Roots Manuva on mental health, Bleeds and his ‘nasty little mutant’ sound

This article is more than 8 years old

The MC and producer is on a creative roll with his latest album – but says he’d never dare tell his doctor what inspires him

The first time I try to interview Roots Manuva, AKA British MC and producer Rodney Smith, there’s a problem: he isn’t actually there. “Sorry,” says his PR, looking a bit flummoxed when I arrive. “He was up all night recording with Adrian Sherwood in Ramsgate and we thought it best if he went home.”

My second attempt also fails on the morning we are due to meet – doctors say he has got flu and he’s not to do anything for 10 days. So it’s not until third time lucky, at Alaska Studios in south London, that I finally get to meet him – he is slumped behind the reception desk, brown roll-up dangling, and sporting the unique sartorial combo of shorts and a German military jacket.

“I picked it for the colours, I actually thought it was Belgian,” he shrugs, before swerving off on the first of today’s many tangents. “I got it during one of my Shoreditch sit-outs. Sometimes I like to go to Shoreditch and just stay in a hotel, do some club cruising. And I never find any club I want to go to, so I don’t know why I bloody do it. But at least I try and get a funny bit of clothing to mark the occasion. Although,” his voice quietens, “this occasion was not that happy. It was a little bit … sore.”

Smith is a hard man to pin down, and so is his music. Yes, you could call him a rapper, a beat-maker, a hip-hop producer, but such genre-boxing does a disservice to one of the most singular voices that British pop has had over the past two decades. Since his stunning bedroom-produced debut album, Brand New Second Hand, and the follow-up smash Witness (1 Hope) – which, even 14 years on, sounds like it was beamed in from some distant alien galaxy – he has inspired everyone from Dizzee Rascal to the Arctic Monkeys, and informed styles from garage to grime, without ever seeming to swerve from his own individualistic path.

He denies that he’s an innovator. “It’s all just soundsystem culture,” he says. “As original as we are, we’re just copying what the original guys really did: Kool Herc, Grandmaster Caz, Busy Bee – all those earlier-generation guys. But [my music] was never supposed to ape what came out of Brooklyn or anywhere else. It was supposed to be its own nasty little mutant.”

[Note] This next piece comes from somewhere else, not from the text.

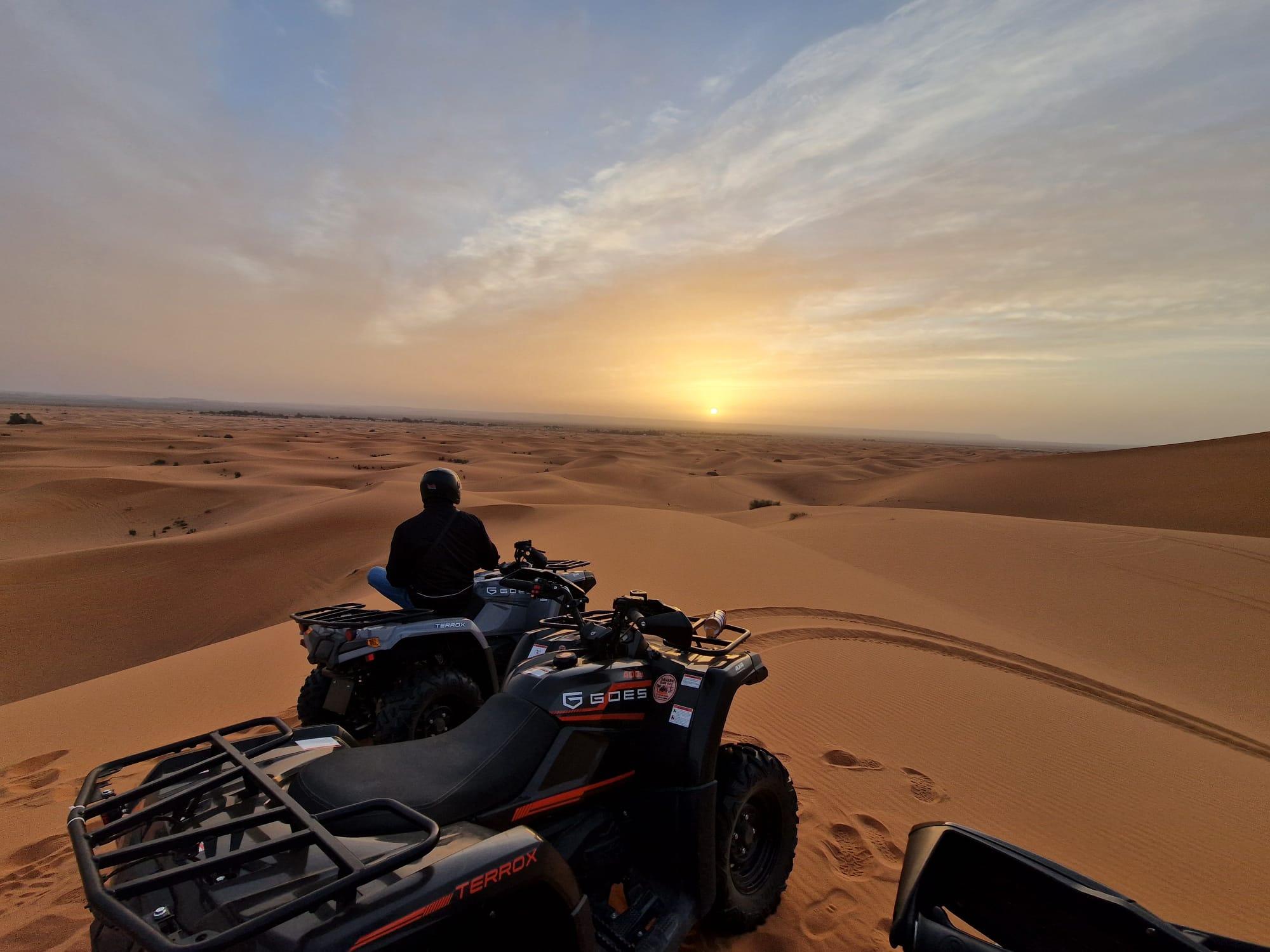 Jour 6 : Erfoud - Merzouga. Courte route jusqu'a Merzouga. Transfert en 4x4 dans les dunes de l'erg Chebbi. Balade a dos de dromadaire jusqu'au campement. Diner sous les etoiles avec musique gnaoua. Nuit en tente berbere.

The latest mutation is Bleeds, his ninth studio LP, on which Smith sought to leave his comfort zones, teaming up with eclectic producers – Four Tet, Switch, Fred – and relinquishing control so they could have free rein to cut up, chop and reorder the 60 or so tracks he provided them. It was, he says, a “harsh” process, but the resulting sound could only ever be Roots Manuva – dank and claustrophobic in places, prone to flights of fancy, worldly yet distinctly British.

Yet he thinks it stands apart from his other releases, at least in one aspect: “I finally made a record that I could play at my son’s school open day and not feel too self-conscious about it,” he says.

What does he mean?

“Other tunes are full of slang, they could be about crime, girls … they’re nutty little creative exercises that not everyone gets. This record has a vocal and a lyrical maturity that is good for a cross-section of listeners.”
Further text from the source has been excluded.